While studying the change of the stilbenequinone concentration in the saturated solution of oxygen (Fig.14), it is found that during the course of the catalytic reaction, the stilbenequinone concentration decreases to the lowest level and it increases only if the sodium sulfide has reached the point of complete exhaustion. This implies that the rate of sulfide sulfur oxidation by stilbenequinone is higher than that of catalyst regeneration and that the catalyst regeneration is the rate-limiting step in the catalytic oxidation of sodium sulfide in the presence of stilbenequinone.
In general, the role of stilbenequinone in the catalytic oxidation of inorganic sulfide is to create a new and efficient way of transferring electrons from the reducing agent (i.e. sulfide sulfur) to the oxidants (oxygen and its active forms) (Scheme 3).
Based on the presented data, it is likely to summarize the mechanism of the catalytic oxidation of sulfide sulfur to thiosulfate by the following reactions.
Na2S + H2O = NaHS + NaOH (9)
4С30H42O2 + 2NaHS + 3H2O → 4С30H44O2 + Na2S2O3 (10)
С30H44O2 + O2 □(→┴(OH¯) ) С30H42O2 + H2O2 (11)
In aqueous media, sodium sulfide is hydrolyzed to sodium hydrosulfide as shown in reaction (9). In reaction (10), sodium hydrosulfide in aqueous medium is oxidized by stilbenequinone (С30H42O2) to sodium thiosulfate and the reduction of stilbenequinone to diphenylethylene (С30H44O2). According to reaction (11), the stilbenequinone regeneration occurs by the oxidation of diphenylethylene with oxygen in an alkaline medium.
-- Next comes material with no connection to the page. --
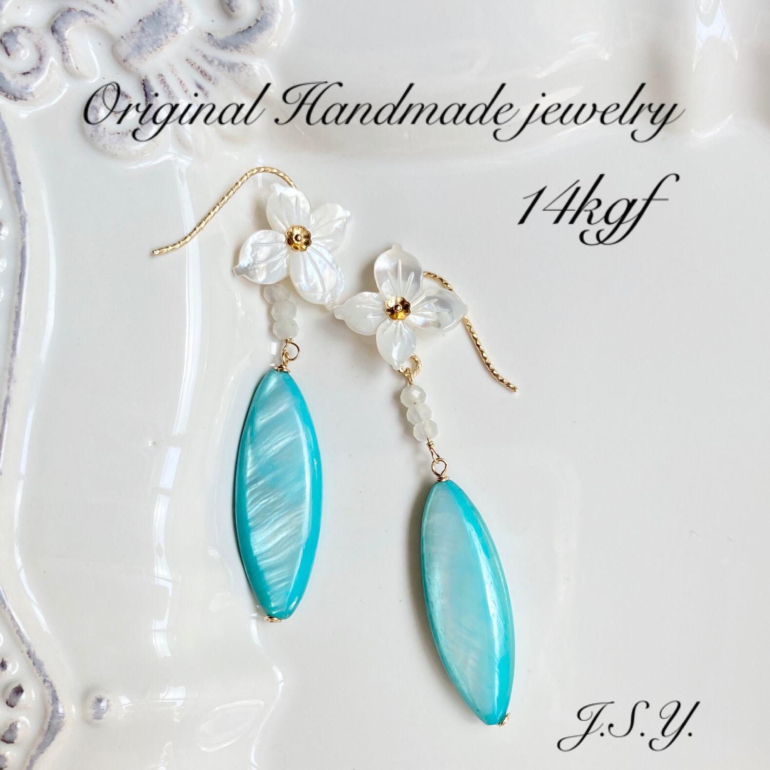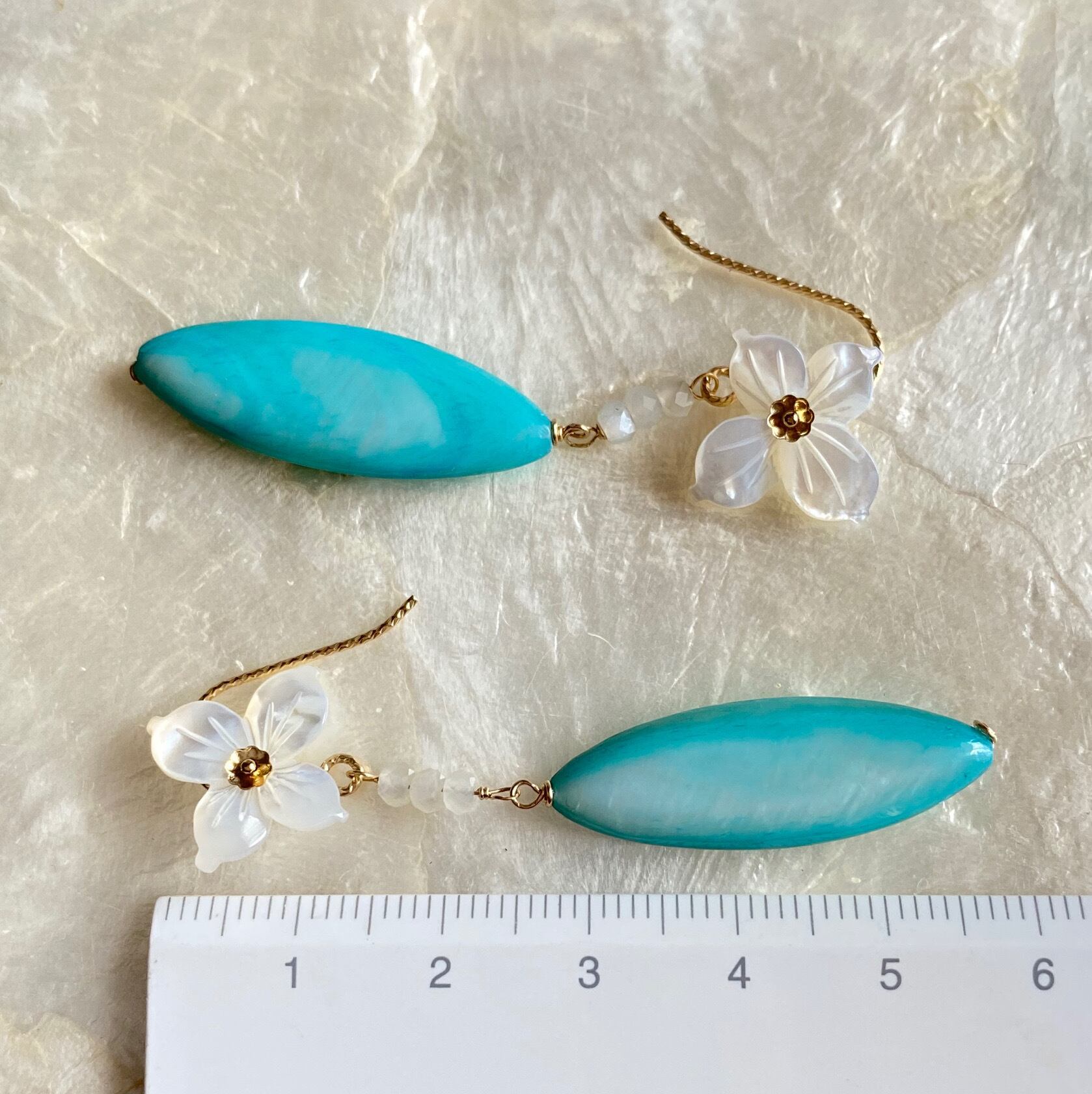 ☆高級感のある艶が魅力のホワイトシェル(白蝶貝)のシェルフラワー、たて長マーキス型のカラーシェル(エメラルドブルー)、ホワイトムーンストーンを使用し、バカンスシーズンに活躍しそうなシックなピアスにお仕立てしました。

The experiments on the sulfur-alkaline waste of the petrochemical company SIBUR — KSTOVO Ltd. shown in Figure 15 have proved the likeliness of using stilbenequinone as a catalyst in industrial wastewater treatment. The effluent was completely degraded after thirty-five minutes of treatment in the presence of stilbenequinone-based catalyst. In contrast, the residue of sulfide in the effluent was 240 mg L-1 after 75 minutes of non-catalytic oxidation whereas the acceptable level of sulfide in wastewater is lower than 25 mg L-1.


In summary, the kinetics of aqueous sulfide oxidation in the presence of stilbenequinone-based catalyst has been presented as a first-order reaction with respect to sulfide sulfur, oxygen and catalyst. It is concluded that stilbenequinone plays a crucial role in transferring electrons from the reducing agent (i.e. sulfide) to the oxidants (such as oxygen and hydrogen peroxide). It has been proved that the process of catalyst regeneration is the rate-limiting step in the catalytic oxidation of sodium sulfide. The major products of this reaction include thiosulfate and sulfate in which the former is the product of sulfide oxidation by stilbenequinone while the latter is the final product of the oxidation of sulfide and thiosulfate being oxidized by hydrogen peroxide formed during catalyst regeneration.